DFS解决POJ 2386

Description

Due to recent rains, water has pooled in various places in Farmer John's field, which is represented by a rectangle of N x M (1 <= N <= 100; 1 <= M <= 100) squares. Each square contains either water ('W') or dry land ('.'). Farmer John would like to figure out how many ponds have formed in his field. A pond is a connected set of squares with water in them, where a square is considered adjacent to all eight of its neighbors. 
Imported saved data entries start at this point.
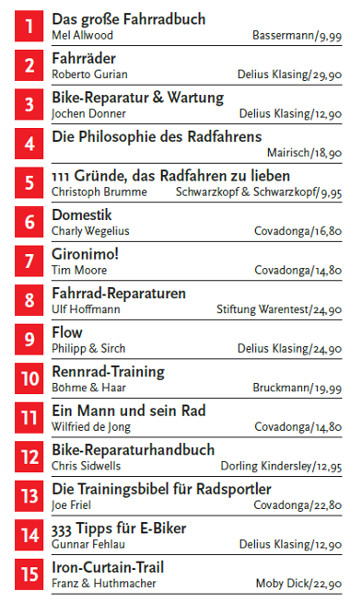 Das Fahrrad erlebt als Kultobjekt und Sportgerät eine Renaissance. Leser sind an unterschiedlichen Titeln von Reparaturanleitungen bis Biografien interessiert, wie die Themenbestsellerliste zeigt.
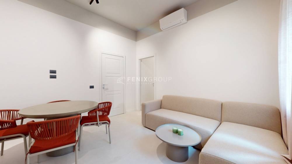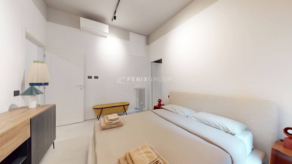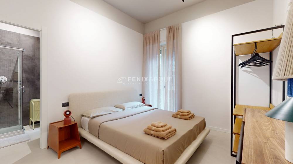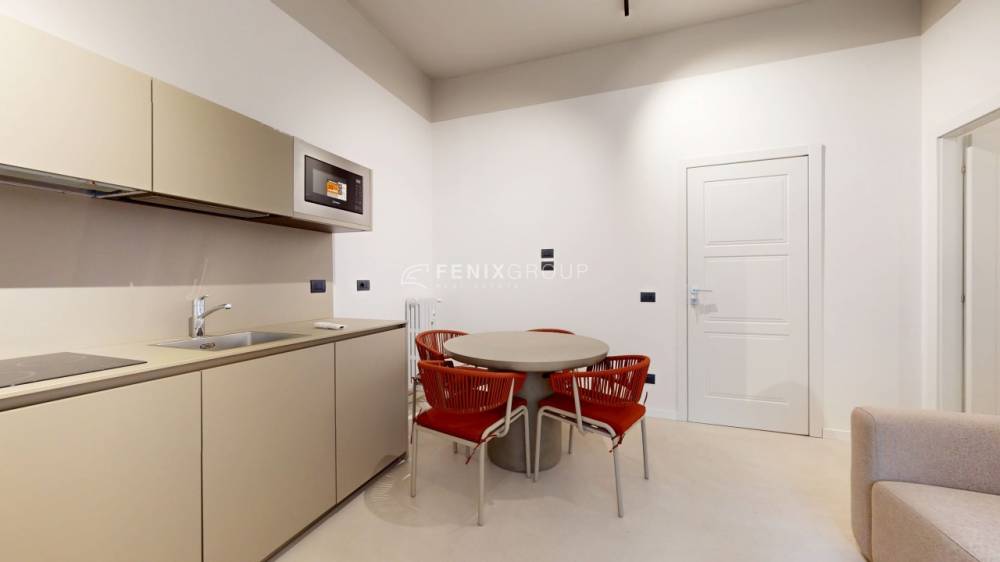 L’appartamento, recentemente ristrutturato a nuovo, si apre su un luminoso soggiorno con cucina a vista dal design moderno e funzionale. La zona notte è composta da una spaziosa camera da letto con porta finestra che conduce a un balcone, offrendo uno spazio esterno riservato e piacevole. Il bagno, finestrato e completo di doccia, presenta finiture eleganti e di ottima qualità.
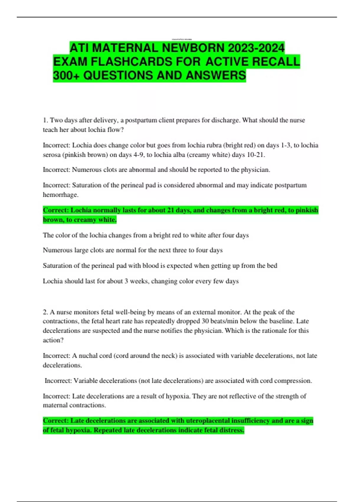 ATI MATERNAL NEWBORN QUESTIONS AND ANSWERS WITH NGN 2 Exam (elaborations) ATI MATERNAL NEWBORN PROCTORED EXAM REVIEW Questions & Answers Study Guide A Grade 100% SOLVED 3 Exam (elaborations) ATI Maternal Newborn Proctored 2023 Exam 4 Exam (elaborations) ATI MATERNAL NEWBORN PROCTORED EXAM REVIEW Questions & Answers Study Guid
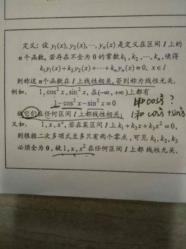 那也就是说1和sin?x+cos?x……线性相关,并不是1,sin?x,cos?x三者线性相关
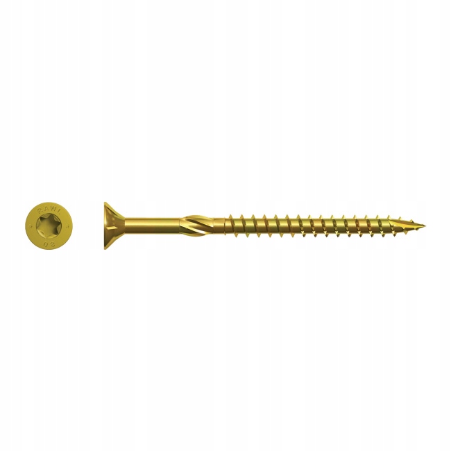 Представленный шуруп Dial для твердых пород дерева представляет собой разновидность специально подготовленного шурупа из прочной стали с характерным гнездом на головке. Саморезы предназначены для крепления и соединения элементов деревянных конструкций. Их установка не вызывает затруднений, так как гнездо TORX обеспечивает надежную фиксацию отвертки и быструю установку. Наконечник самосверлящего шурупа защищает деревянные элементы от раскалывания и растрескивания, а также исключает необходимость предварительного сверления отверстий. Благодаря высокой прочности и твердости шуруп подходит для любого типа древесины, даже очень твердой. Работа с таким типом саморезов быстрая и эффективная, а соединения деревянных элементов получаются долговечными и прочными. В нашем предложении также есть винты других размеров.
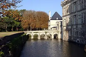 Здания строились в основном из коричневого сланцевого камня. Из светлого туфа изготавливали декоративные элементы фасада. В целом комплекс соответствует архитектурному стилю эпохи Франциска I.
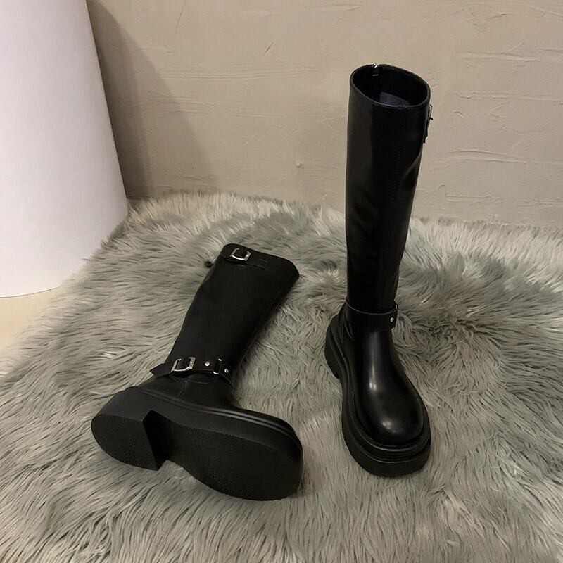 Jia Bujia インターネット有名人のブーツの女性 2023 秋の新ファッションレトロハンサムな小さな厚底スリムブーツトレンディな 靴 シューズ オータム 秋物 jxjxf10598553413
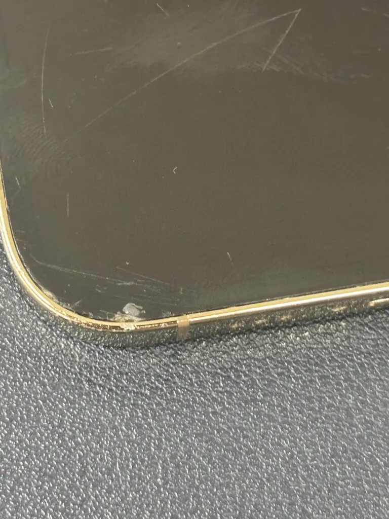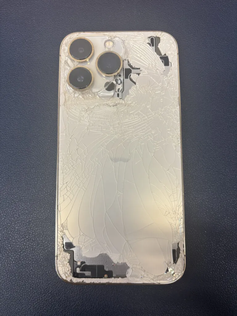 背面がバキバキに割れちゃっているのと、画面にも小さな割れがありました。
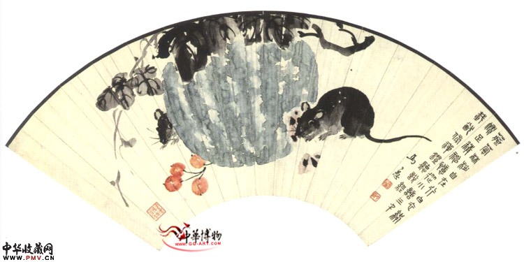 近现代马公愚 西瓜老鼠扇面

Given a diagram of Farmer John's field, determine how many ponds he has.

Input

* Line 1: Two space-separated integers: N and M 

* Lines 2..N+1: M characters per line representing one row of Farmer John's field. Each character is either 'W' or '.'. The characters do not have spaces between them.

Output

* Line 1: The number of ponds in Farmer John's field.

Sample Input

10 12
W........WW.
.WWW.....WWW
....WW...WW.
.........WW.
.........W..
..W......W..
.W.W.....WW.
W.W.W.....W.
.W.W......W.
..W.......W.

Sample Output

3

#include <stdio.h>
char M[101][101];
int Used[101][101];
int direction[8][2]={{-1,-1},{-1,0},{-1,1},{0,-1},{0,1},{1,-1},{1,0},{1,1}};
int i,j,p;
int col,row;
int iCount=0;

void DFS(int x,int y)
{
	int k;
	for(k=0;k<8;k++)
	{
		int tx= x+direction[k][0];
		int ty= y+direction[k][1];
		if(tx >= 0 && tx < row && ty >= 0 && ty < col && M[tx][ty] == 'W' && Used[tx][ty]==0)
		{
				Used[tx][ty]=1;
				DFS(tx,ty);
		}
	}
}

int main()
{

	scanf("%d%d",&row,&col);
	for(i=0;i<row;i++)
		scanf("%s",M[i]);
	for(i=0;i<row;i++)
	{
		for(j=0;j<col;j++)
		{
			if(M[i][j]=='W' && Used[i][j] == 0)
			{
					Used[i][j]=1;  //将其本身赋为已访问过(注意:这一点容易被忽略)
					DFS(i,j);
					iCount++;
			}
		}
	}
	printf("%d\n",iCount);
}